Re: [qmailtoaster] queue is flooding user

Fri, 09 Oct 2015 06:45:14 -0700

It's a personal and business question, and it depends a lot on customer needs.
From my point of view, emails are my business but are property of customers, and I must make my best in order to let them control their emails or have the best communication with their business partners using emails. 


Deleting messages to wrong recipients means to let senders believe their 
email has been delivered even if they mispelled the address, instead to 
advice them to correct the address.



We are working this way since 15 years, and we never had problems with 
this way of thinking.



Probably attacks may suggest temporary restrictions, but only in 
exceptional cases, not for normal usage.



Normal solution (for us) is to reject messages at SMTP level, as it is 
done with paper email (unknown recipient) and voice calls (sorry, I'm 
not the person you are looking for).


Regards,

Tonino


Il 09/10/2015 15:32, Dan McAllister ha scritto:

Rajesh:


I understand -- and if all the "players" in the email world were 
legitimate, kind, and thoughtful ... there wouldn't be QMail at all, 
because sendmail would still be doing a fine job and the 
configurations therein wouldn't be so hard after all.

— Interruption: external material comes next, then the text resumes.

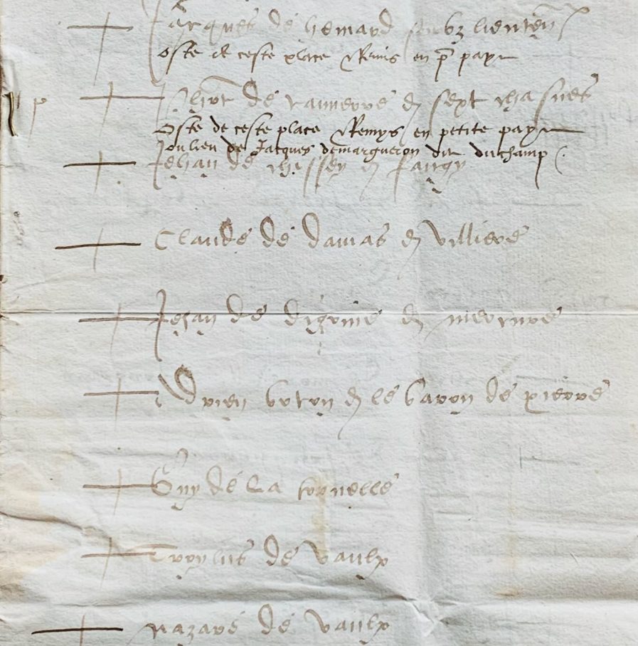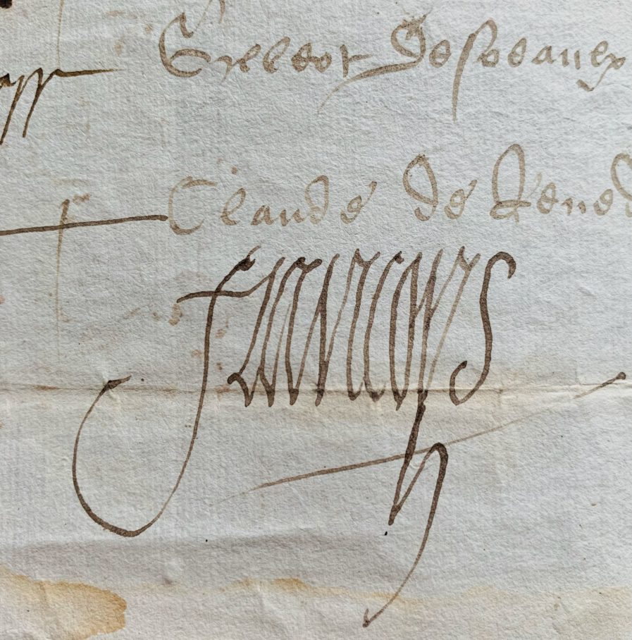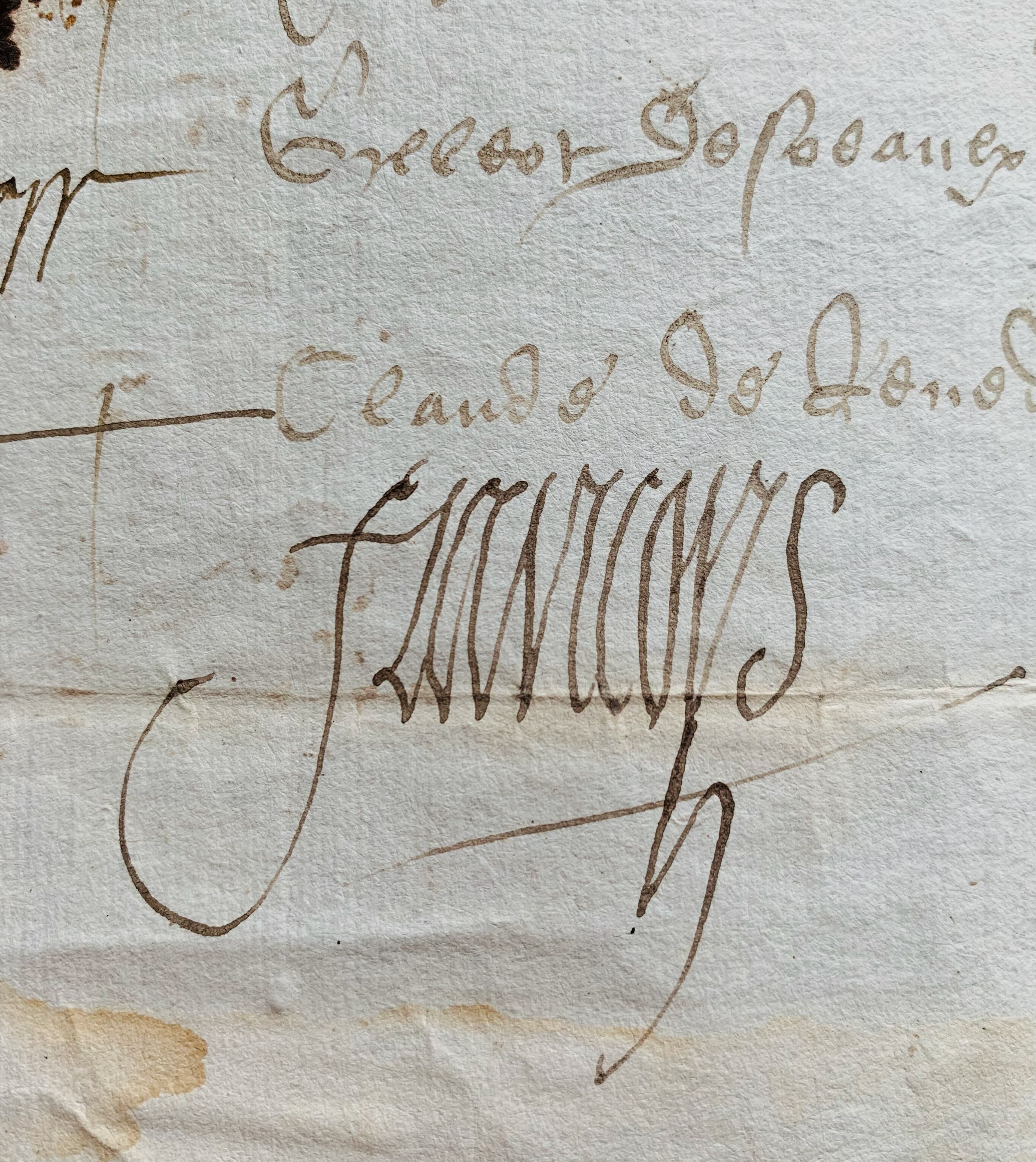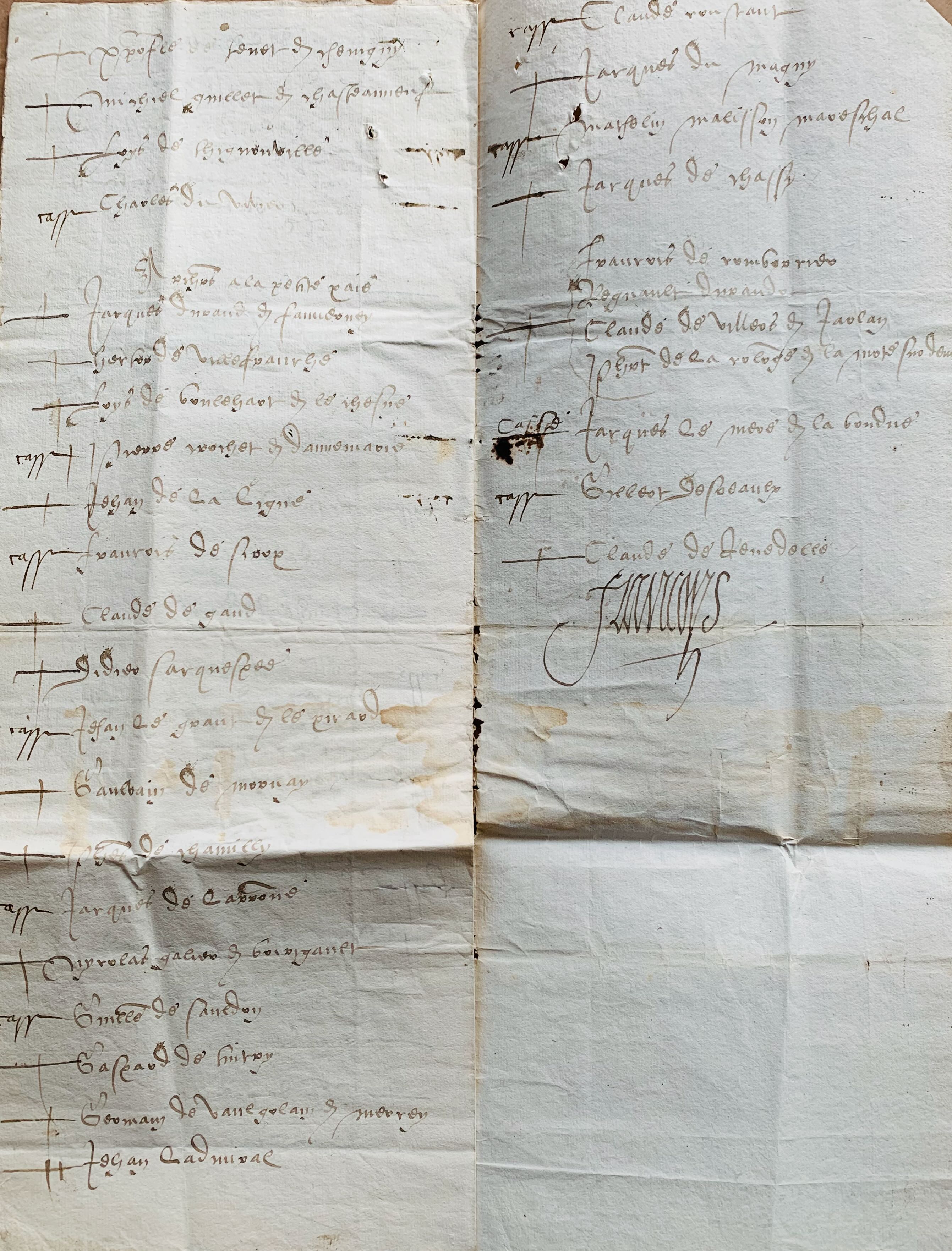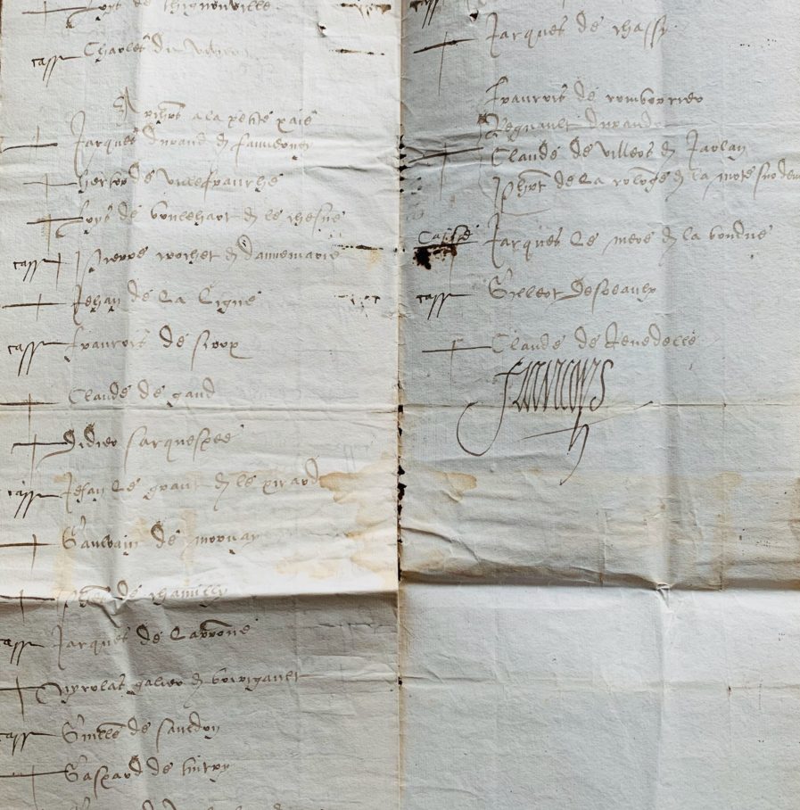 François d'Orléans-Longueville (Chateaudun, 1513/1548)Rolle de la compagnie du marquis de Rothelin, réalisé en 1543, signé par lui.

But that is not the REAL world. In THIS world, people actively work to 
abuse mail servers -- and many seek little more than the "fun" of 
disabling or at least disrupting mail service... and we (as mail 
admins) need to be PROACTIVE (not just reactive) in mitigating the 
threats. If I wasn't clear in my initial response -- this is what 
brought you to ask the original question in the first place! (Your 
queues are filling up with invalid bounce messages).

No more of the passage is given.